準備のため厚労省は今夏、薬価に関する国民調査をする。たとえばがんの薬で「命を1年間延ばすのに、この程度の額なら公的医療保険で負担してもよい」という水準を聞く。

結果を製薬会社のデータなどと合わせ、薬の費用対効果を測る「ものさし」をつくる。調査で国民の「相場観」をつかめれば、ものさしに説得力をもたせやすい。

国の医療費は40兆円を超え、薬剤費はその約2割を占める。高額な抗がん剤や再生医療が普及すれば増加ペースは上がるとみられ、いずれ公的医療保険で賄いきれなくなるとの懸念は強い。今回の調査は危機感を国民全体で共有するきっかけにもなろう。

ただ、1年間健康に生きるためにいくらかけるかは、一人ひとりの人生観にもつながるデリケートな問題だ。単純に金額では割りきれない面もある。
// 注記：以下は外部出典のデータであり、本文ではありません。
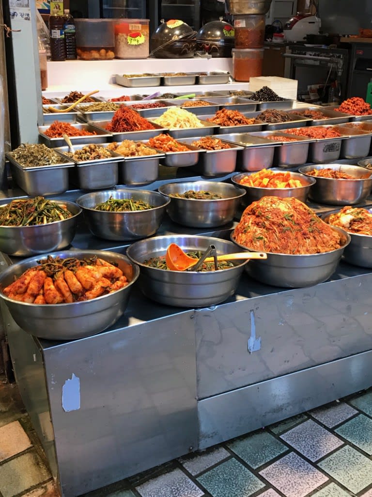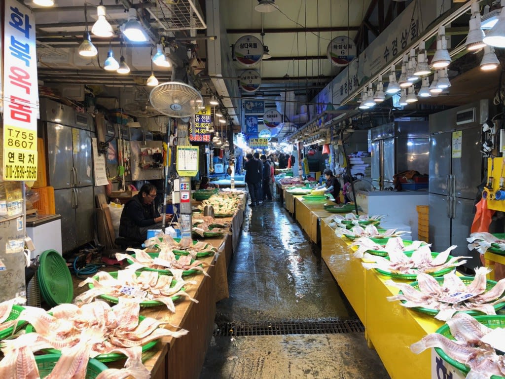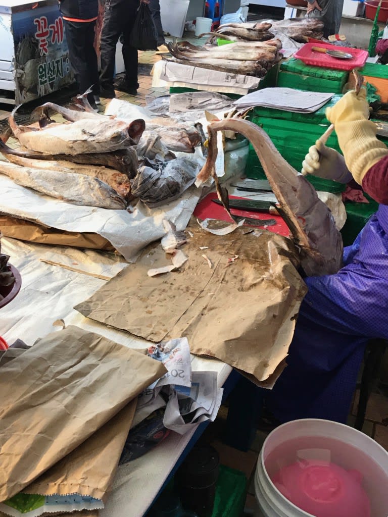 通路で冷凍の魚を加工しているアジュンマが沢山いて、そして同じ魚であるだろう開きが陳列されている様は圧巻でした。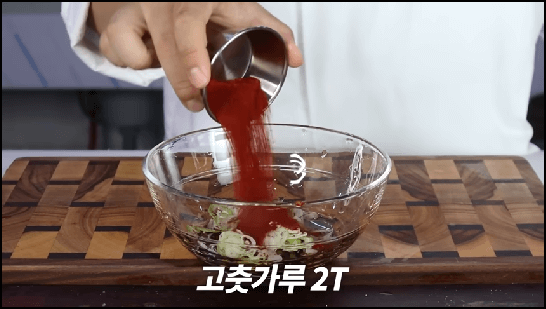 3) 고춧가루 2큰술을 넣어줍니다. 매운 것이 싫으면 고춧가루를 1큰술만 넣어도 됩니다.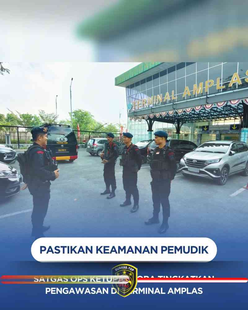 BURKAS.TOP, MEDAN | – Dalam rangka memberikan rasa aman dan nyaman kepada masyarakat menjelang perayaan Hari Raya Idul Fitri 1447 Hijriah, personel Satuan Brimob Polda Sumatera Utara yang tergabung dalam Operasi Kepolisian Terpusat Ketupat Toba 2026 melaksanakan kegiatan pengamanan di Terminal Bus Amplas, Kota Medan, Selasa (17/3/2026).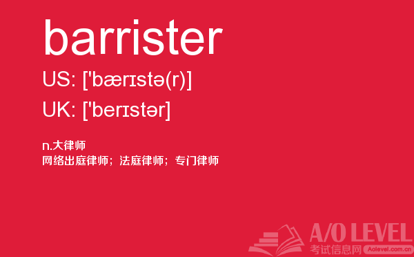 随着英国留学申请竞争的白热化,a-level成绩在学生个人简历中扮演的“入场券”角色,变得越来越重要。然而,在你参加a-level考试培训班前,你首先要对a-level考试有着一定的了解,一起跟着a/o-level考试网来看看小编今天带来a-level单词barrister的详细介绍。如果您想了解alevel化学知识点,新加坡a水准试题,alevel考试备考,a水准考试美国等关于a-level考试的相关资讯,请继续浏览并关注课窝a/o-level考试网。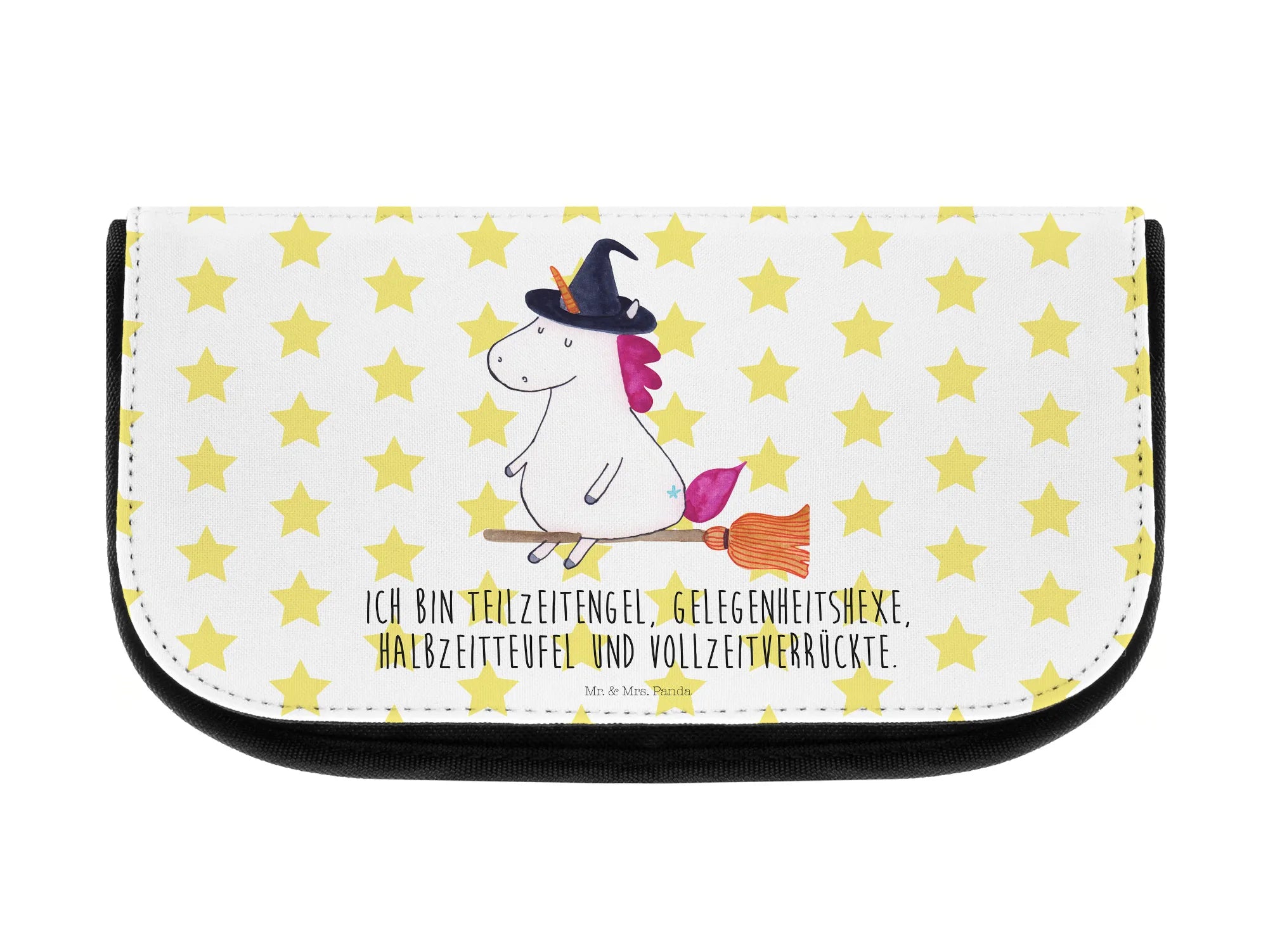 Crafted from high-quality kunstfaser, this cosmetic bag is as durable as it is stylish. It features a stunning depiction of a unicorn riding a broomstick complete with a witch's hat, making it a magical addition to your daily routine. The color palette is not only bright and lively but also uniquely designed, showcasing Mrs. Panda's hand-drawn illustrations that transform an ordinary bag into a unique treasure.

薬の費用対効果の評価が定着している英国では、この金額は2万~3万ポンド(約280万~420万円)とされる。しかし英国の評価機関が高額な新しいがんの免疫薬の使用を推奨しない方針を示すと抗議が起き、見直しを迫られた。

過度の薬価引き下げは、製薬会社の開発意欲をそぎかねないという問題もある。新薬開発は10年近い歳月と1000億円前後の費用がかかる場合もある。優れた研究成果を国内で製品化できず、海外企業に先を越された例は多い。

高額の薬でも遺伝子解析などによって投与に適した患者を絞り込めれば、薬剤費が無制限に膨らむのを避けられる。逆に適用範囲が拡大し、価格が低くても量で稼げる薬も出てくるだろう。

費用対効果は、こうした技術の変化などを受け柔軟に評価する工夫が必要だ。信頼性があり客観的な分析ができる、英国のような独立した評価機関もいる。

費用対効果が思わしくない極めて高価な薬を、公的医療保険の対象からはずすのも検討課題だ。富める者だけが良質な薬を買えるという不公平感を生まぬよう、医療全体の質を底上げすることが前提なのは言うまでもない。